The absorption and fluorescence spectra were measured at room temperature in a 10 mm quartz cell, using a U-2900 spectrophotometer (Hitachi) and an F-7000 spectrofluorometer (Hitachi), respectively. Due to the low solubility of the compounds in the applied solvents, the solutions that were used in the test of the solvatochromic behavior contained 1% of DMSO, to improve the solubility. The quantum yields of fluorescence were determined using the absolute method at room temperature, using an integrating sphere with a solvent as a blank on an FLS-980 spectrophotometer. The compounds were excited at the wavelength that corresponded with the absorption wavelength of the compounds.
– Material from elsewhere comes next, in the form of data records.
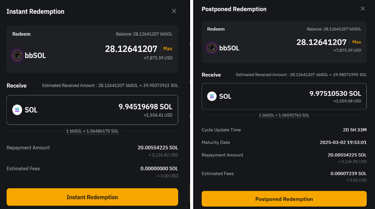 Відкладений викуп: Отримайте повну основну суму та всі прибутки після 1–4-денного періоду обробки, протягом якого відсотки продовжуватимуть нараховуватися. Ваші bbSOL буде конвертовано в SOL за актуальним курсом обмін, коли ви подасте запит на викуп.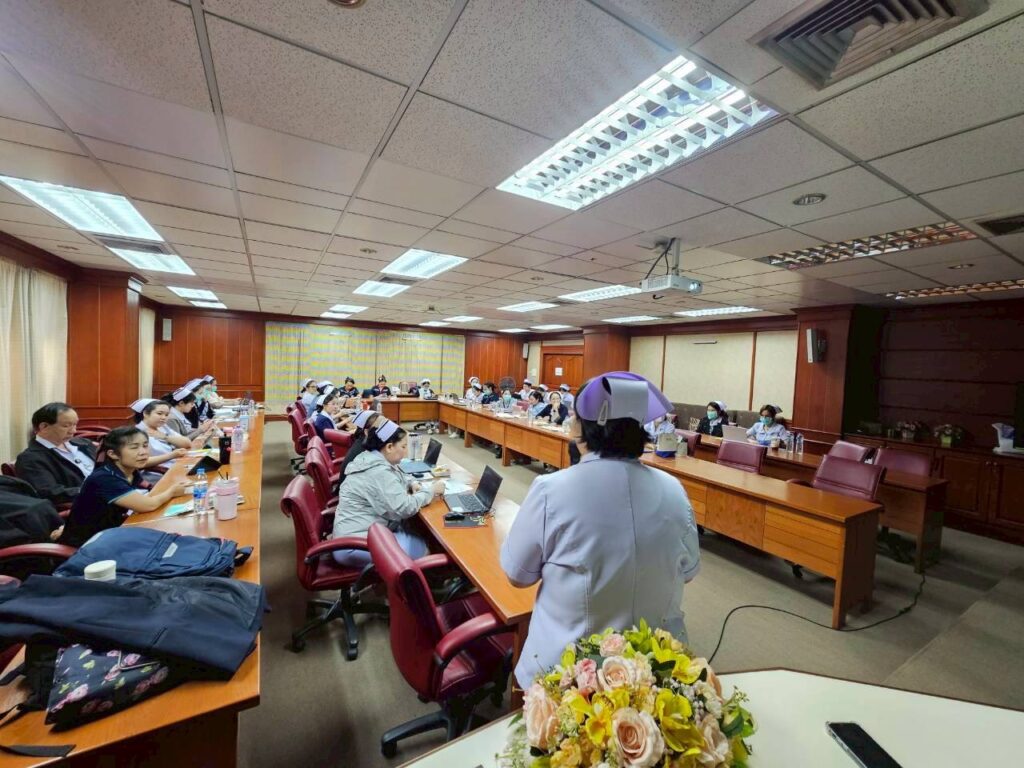คุณวรรณลัคน์ ศรีวรรณตัน หัวหน้างานการพยาบาลผู้ป่วยนอกและผู้ป่วยฉุกเฉิน ให้เกียรติเป็นประธานกล่าวเปิดการอบรม
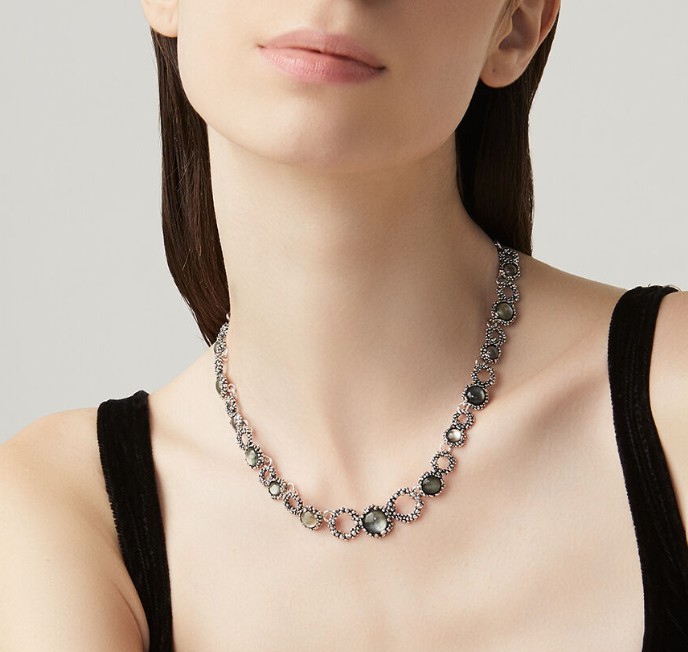 I sofisticati colori dell'alba riflessa sul grande oceano e la sapiente scelta di materiali hanno ispirato questa collana, connubio perfetto tra argento brunito e madreperla. I riflessi cangianti, in contrasto con l'effetto chiaroscurale della finitura brunita, impreziosiscono il collo di una donna elegante. Indossala con gli orecchini modello bottone della stessa collezione per una straordinaria dichiarazione di stile.DettagliArgento 925, madreperla e quarzo ialinoLunghezza 42 cm regolabileChiusura con moschettoneFatto a mano in ItaliaSKU:10680

3.5. Theoretical Calculations

The geometrical parameters of an investigated compound and its electronic properties in the ground and excited states were calculated within the DFT and TD–DFT approximations, using the Gaussian 09 software package [53] with the CAM-B3LYP exchange-correlation functional [55,56,57] and the 6-311+G (d, p) basis set. The effects of the solvent were evaluated using the polarizable continuum model (PCM) [58,59] in which a cavity was created via a series of overlapping spheres [60] with the standard dielectric constants (ε) of 24.55 for ethanol. The lowest 50 singlet–singlet vertical electronic excitations based on the B3LYP optimized geometries and the optimization of the first excited states were computed using the time-dependent density functional theory (TD–DFT) formalism [61]. The visualization of the molecular orbitals and analysis of the energy levels were performed using the Chemissian software.

4. Conclusions

A series of styrylquinoline dyes with a Schiff base fragment was designed and synthesized, and their physicochemical parameters and spectroscopic features were determined. All compounds had a high Stokes shift and strong solvatochromism. Along with the calculations that were carried out accordingly, these suggested an intramolecular charge-transfer mechanism of fluorescence. All obtained compounds appeared to be non-toxic in a broad range of concentrations, during the in vitro experiments. Styrylquinolines maintained their fluorescent properties in biological systems, thus allowing for staining applications to use them. Their selective accumulation in the cellular organelles was also investigated, which indicated a preference for structures such as the mitochondria and the endoplasmic reticulum.